Con Watch: Is Voice Recognition for Banking Safe?

Steve Weisman is a lawyer, college professor, author, and one of the country’s leading experts in cybersecurity, identity theft, and scams. See Steve’s other Con Watch articles.

“Is it live or is it Memorex?” was an advertising slogan for Memorex audio tapes in the 1980s where the company suggested you couldn’t tell if you were listening to a live performance or a recording. The stakes were not particularly high if you guessed wrong. Today, however, the question of whether audio is a cloned voice made with AI or the voice of a real bank customer is a more serious one.

As we all know, passwords as a method of authentication for your accounts are not particularly secure. Passwords may be stolen or compromised in a data breach, and security questions have also become increasingly vulnerable, particularly with the data harvesting capabilities of AI. Biometrics such as a fingerprint are a good verification tool for opening your phone, but what about using biometrics to access your bank account? Many banks such as Bank of America, Capital One, HSBC, and Barclays offer voice verification, where your voice on the phone acts as your password, allowing you access to your account.

Voice biometric authentication generally is done using two different methods.
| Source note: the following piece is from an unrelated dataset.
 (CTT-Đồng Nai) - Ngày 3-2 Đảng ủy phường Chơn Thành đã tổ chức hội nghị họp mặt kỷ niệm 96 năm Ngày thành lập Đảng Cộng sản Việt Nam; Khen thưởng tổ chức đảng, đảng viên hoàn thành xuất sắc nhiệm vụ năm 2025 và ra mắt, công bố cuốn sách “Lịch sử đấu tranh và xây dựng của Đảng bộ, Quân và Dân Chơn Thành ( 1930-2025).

In one method, the customer is required to speak a specific phrase such as “My voice is my password,” which is then matched against a recording of their voice they used when they first set up voice verification. With the second method, the customer converses normally without having to say any particular phrase, which is again verified against an earlier voice recording.

With so many people now doing their banking on their cell phones, banks are using biometric voice authentication on mobile banking apps. Banks using this technology say that it is a safe and secure option.

But how secure is it?

British reporter Shari Vahl of the BBC used an AI clone of her voice to access accounts at two banks — Santander and Halifax. Both banks accepted the AI generated voice to grant her access to the accounts. British reporter Joseph Cox also used readily available voice cloning technology to access his account at Lloyds Bank.
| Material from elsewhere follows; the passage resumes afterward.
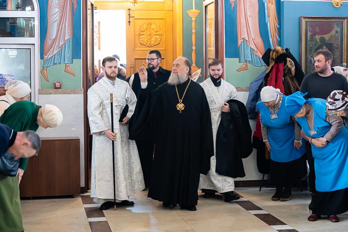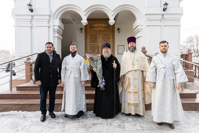 Главе Митрополичьего округа сослужили: благочинный храмов Алма-Аты, настоятель Никольского собора протоиерей Валерий Захаров, настоятель Богоявленского храма протоиерей Валерий Шаврин, руководитель административного секретариата Главы Митрополичьего округа иерей Георгий Сидоров, заместитель председателя комиссии по работе с казачеством Казахстанского Митрополичьего округа иерей Евгений Козлов, ключарь Казанского собора Алма-Аты иерей Георгий Рублинский, ключарь Адриано-Наталиевского храма иерей Иоанн Коноплев; протодиакон Николай Гринкевич, руководитель службы протокола митрополита протодиакон Роман Головин, протодиакон Владимир Сыровацкий, диакон Георгий Ткаченко.

The banks will tell you that voice biometric authentication is a sophisticated technology that analyzes more than 100 unique vocal characteristics including tone, pronunciation patterns,  speech rhythm, and accent. Voice patterns are considered to be as unique as fingerprints. However, in the best of all worlds there can be problems using voice recognition. Background noise can interfere with the analysis of the voice by the bank’s system and voices can change due to advancing age, illness, or even emotional states. Further, different phone connections can also affect recognition accuracy.

But even worse is the threat of AI voice cloning by identity thieves. Due to now widely available AI voice cloning technology, it can be a simple matter for someone to clone your voice from as little as 30 seconds of audio from social media.
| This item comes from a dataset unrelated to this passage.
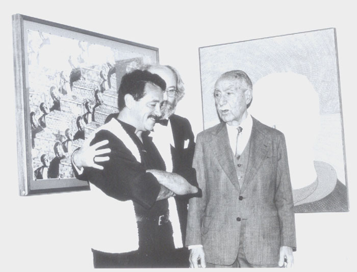 - 1983. Pietro Maria Bardi, Odeto Guersoni e Aldir Mendes de Souza na exposição em homenagem a Bardi, então diretor do MASP

It must be noted that there have not been reports of widespread hacking of bank accounts through voice cloning (most banks have other safety measures in place, such as the call coming from a previously verified device). But with the vulnerability of present voice verification systems, the problem will only grow.

So how can you protect yourself?

As I always urge you to do, you should use dual factor authentication whenever possible, including if you are using voice verification for your bank account.

Further, just as we all should be protective of personal information we post on social media that can be leveraged against us for scams and identity theft purposes, we should now consider whether we wish to take the risk of posting audio. If you do post audio, take the time to research the latest tools available to prevent voice cloning, such as AntiFake.